Duramboros, Banbaro, and their relatives all have hoofs, likely as a better method of shock absorption and weight bearing than normal toes.

Gastodon: A volcanic species with a puffy feather mane.

Both it and Kestodon have retained the predentary. Unlike the robust buffalo-like cranial structures of their relatives, their three curved horns are mostly for display but can gore threats.

Kestodon: A close relative to Gastodon with distinct sexual dimorphism and cranial anatomy.

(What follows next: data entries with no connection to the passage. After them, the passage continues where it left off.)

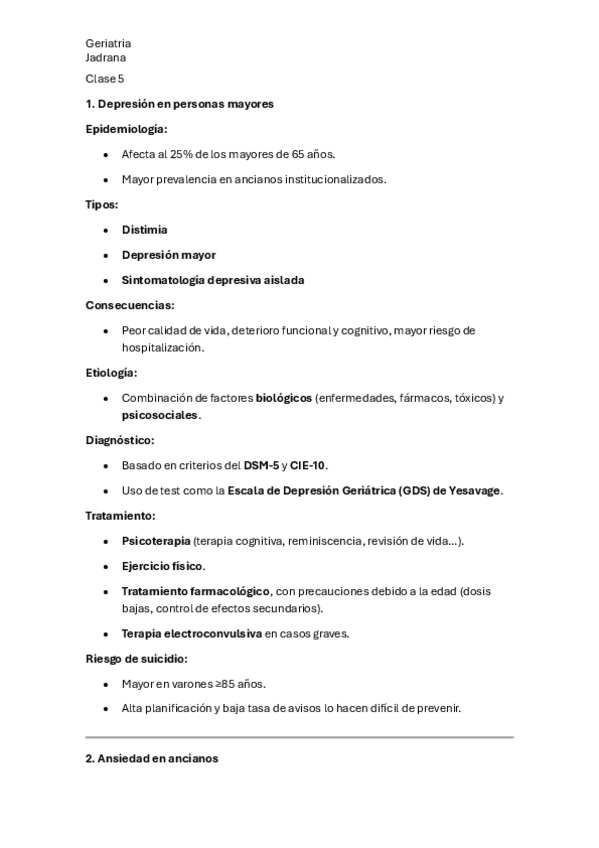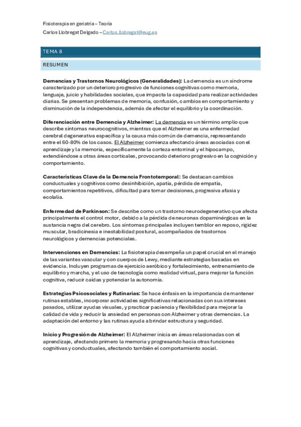Resumen, preguntas para repasar la teoria - geriatria- Carlos - 2024-2025
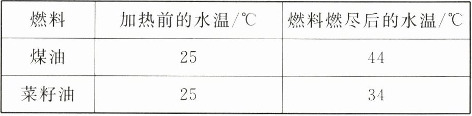 (2)根据他们的实验记录,你认为煤油和菜籽油两种燃料中,热值较大的是______.
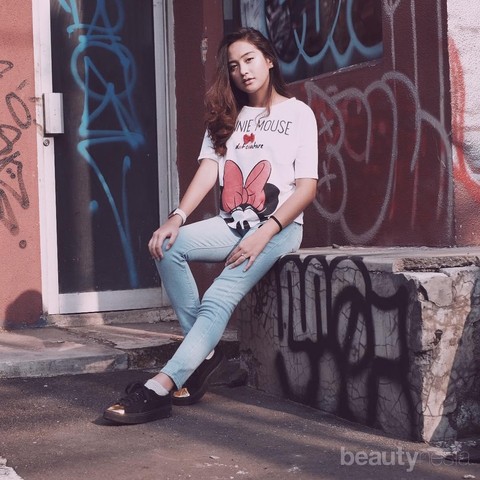 Foto: https://www.instagram.com/salshabillaadr/3. Siapa sih yang enggak suka Disney? Disney lovers bisa banget nih contek gaya casual Salsha yang satu ini. Kamu cuma perlu Minnie Mouse tee, celana jeans, dan sepatu sneakers saja!
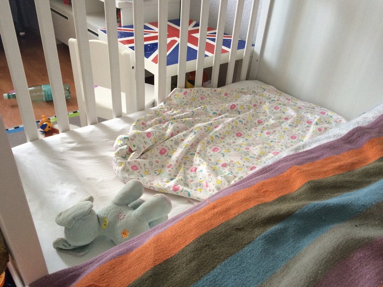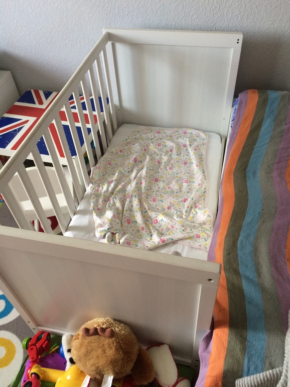 Последние пару-тройку месяцев Василиса практиковала переваливание из кровати "мешком", этакий побег на волю. Недавно это явление приняло такой оборот, что пришлось рейки с одной стороны кровати вообще убрать - 1,1 малой. Вот и ответ на мой вопрос - когда это делается...пока живём в однушке, и все-все у нас вплотную, получается вот что...
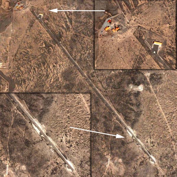 "Unknown" airfield with close up inserts at top and bottom. (Google Earth picture c. 2001-5)
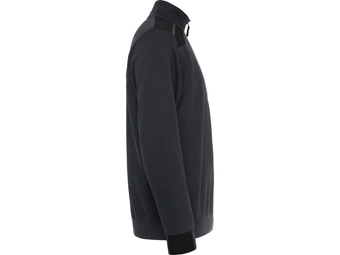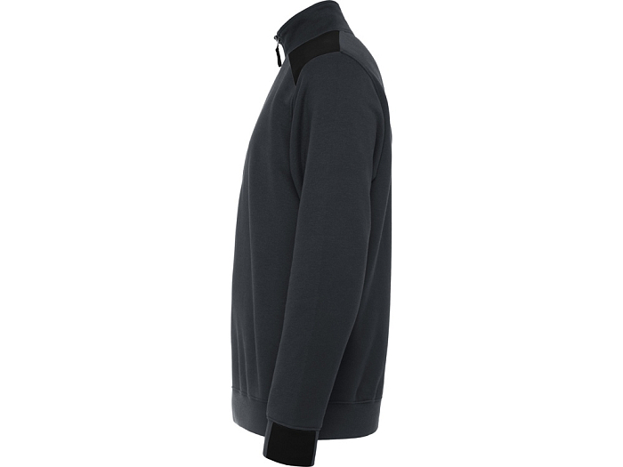 Толстовка с воротом- стойкой на молнии с сочетанием двух цветом. Половина манжет и низ изделия из рибового полотна 1х1. Укрепляющая отстрочка по внутреннему воротнику. Контрастные плечи , детали, молния и манжеты

Kestodons lack horns and instead have domeheads like pachycephalosaurs, and are used much the same way. Males are much bigger than females, and a typical heard consists of two sibling males and a small harem of females.

Other notes

Skull in the Jurassic frontier: A giant skull present within the Jurassic Frontier, its anatomy is unmistakably tyrannosaurid. But tyrannosaurids are no longer present in the world, meaning that they might have recently gone extinct. It’s possible that a radiation of kaiju sized tyrannosaurids were present within the world and were predators of other kaiju sized monsters such as the god wyverns or massive elders like Zorah, but may have gone extinct due to the decline in the diversity of massive monsters after the last ice age.